汗だくになってひと仕事終えた私に、母はいつもありがとうと満面の笑みを浮かべ頭を撫でてくれた。結婚指輪が当たって痛い時もあるが、ものの10秒くらいの母と子の結びつきが私はたまらなく好きだった。

その日、私は台所のシンクをピカピカに磨き上げようと決めていた。なぜならシンクには見慣れない新しいスポンジがおろしてあったからだ。
新品の硬いスポンジを早速泡立て、ステンレスのシンクに円を描いていく。
行ったり来たりを繰り返し、風呂場同様、最後に水を流すのを楽しみに一生懸命頑張った。一滴の泡も残すことなく水で洗い流し、満足気に母が来るのを待った。

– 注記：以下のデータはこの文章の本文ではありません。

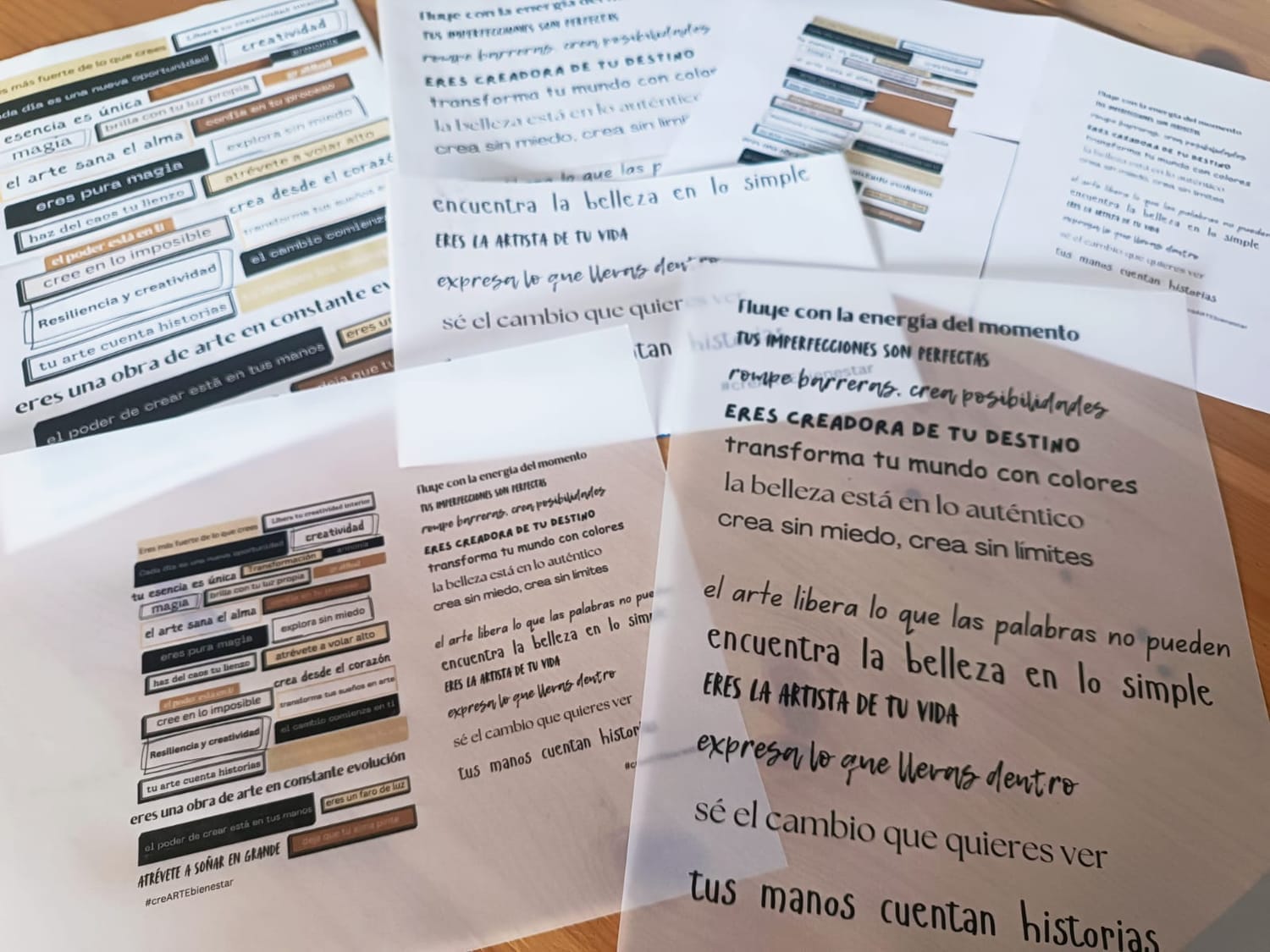 En cuanto a papel, he probado diferentes opciones: papel de impresora normal de 80gr, que luego recorto y pego en algún cartoncito reciclado, papel de gramaje superior de 120gr que es más resistente pero igual podrías utilizar cartoncito dependiendo de lo que estés haciendo, y también Vellum (papel vegetal transparente), que lo acabo de probar y queda muy bien. ¡Ah! y no nos olvidemos del papel adhesivo, siempre hay que tener a mano frases inspiradoras en formato pegatina.

まだかまだかと待ちわびて、階段を降りてくる足音に声を放った。

「お母さん、みてみて!綺麗になった!」

待ちきれず階段を半分登り、母の手をひく。
いつもの母ならここで大きな歯を見せてギュッとしてくれるはずだが、その日は一気に険しい表情になった。一言も発しないまますぐさまキッチンのシンクに向かう。

「あたらしいスポンジあったからそれで洗ったよ!」

いつもと様子の違う母へ余計な説明を加えて、褒められようと必死になった。

「ちょっと!こんなので擦ったらキズになっちゃうじゃない!!」

母が声を荒らげた。

一瞬の大声を食らって、完全に引き攣った私の顔は多分今にも泣き出しそうだったんだと思う。

「でも、ありがとう、ありがとうね」
母は直ぐに私の頭を撫でた。

嘘だと分かった。

私を傷付けないように母は私に嘘をついた。
そんな母の優しさを全身に浴びて、私もまたそんな母に気を使わせた事を悔やんで、泣きべそをかいた。

子供は思っている程子供ではない。
「大きくなったらお母さんみたいなお母さんになりたい」
そう決めた小三の夏の日だった。


この記事が参加している募集

この記事が気に入ったらサポートをしてみませんか?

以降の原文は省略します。